Benjamin Franklin once said, "Time is money." People value time and money more than other resources. For me, time and money are not equal; time is non-refundable, it's limited, and you can't make more of it.
In one of the previous essays, I mentioned attention as another type of resource, which is even more limited than time. The older you get, the less attention you have per day. I have three-five hours of attention per day, which I can use for deep work; unfortunately, I'm not good enough to use that time efficiently.
But there is also an emotional resource. Emotional commitment is what defines your ability to do high-quality work. It's crucial to save your emotions, or there is a risk of burnout.

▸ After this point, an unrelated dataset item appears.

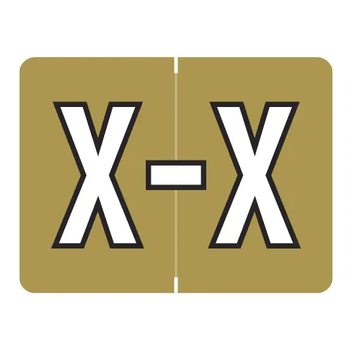 Gold Datafile Compatible Alpha Labels of size 15/16″ X 1-1/4″ with Individual Letter “X”, Vinyl Stock, Packaged in Roll of 500

I'm used to saying, "Don't rock the emotional boat." All of us have tasks we don't enjoy doing. After finishing them, it isn't easy to start doing something else. The same applies to very positive experiences. To focus on important things, you should have stable emotions—too many negative emotions is as dangerous as too many positive ones.
- Don't waste your emotions on unimportant things like social media, news, debates, etc.
- Don't try to be always positive; seek balance instead—enjoy learning from a negative experience.
- Love yourself unconditionally; your emotions are dependant on your self-esteem and self-perception.
- Delegate unpleasant work, focus on what you're good at and what you enjoy doing.
- Socialize, make sure to spend time with your friends and close ones.